Act of March 3, 1821: This Act continues the provisions of the Act of April 29, 1816, relating to the legal-tender value of French coins.

Act of March 3, 1823: This Act authorizes certain gold coinage from foreign countries as current and legal tender in all payments on account of public lands within the United States. Specific rates of exchange are enumerated for the coins of Great Britain, Portugal, France, and Spain. The Act also calls for an annual assay of such coins, and for a report to the Congress detailing the results.

Act of March 3, 1823: This Act directs the location of the United States Mint to remain in Philadelphia for another term of five years, beginning March 4, 1823.

United States Mint Directors appointed by President Washington

  • 1824: Samuel Moore — Fifth Director of the United States Mint.

Elizabeth Kortright Monroe First Spouse $10 Gold Coin - First Lady (1817-1825)

Elizabeth Monroe First Lady Coin
U.S. Mint image (obverse)
Elizabeth Monroe First Lady Coin (reverse)
U.S. Mint image (reverse)

Elizabeth Kortright was born in New York City in 1768 and married James Monroe at age 17. The family made their home in Virginia, but spent several years overseas while James Madison served as U.S. Foreign Minister to Great Britain, France, and Spain. She became a popular figure in France, where she was affectionately called la belle Americane because of her beauty and style.
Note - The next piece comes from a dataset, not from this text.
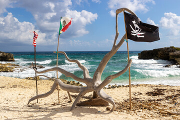 Flags of Mexico and the United States blow in the wind on a large piece of wood shaped like an octopus alongside a skull and crossbones pirate flag on a sandy beach surrounded by turquoise ocean water

Her time spent in European diplomatic circles influenced her sense of proper protocol for the White House, to which she brought a European stateliness and formality. Their youngest daughter, Maria, was the first presidential child to be married in the White House, in a small, private ceremony. When Elizabeth and James Monroe left the White House, they returned to Oak Hill, the family estate in Virginia, where she lived for the remainder of her life.

Reverse Design

On January 1, 1818, Elizabeth and James Monroe held a grand New Year’s Day reception marking the reopening of the White House, which was rebuilt after its burning at the hands of the British in 1814. The couple supplied some of their own furniture to the government because the White House was almost empty when they moved in. This French Empire style furniture imparted the feeling of formality that they considered appropriate for the Executive Mansion. Nine pieces remain in the White House today.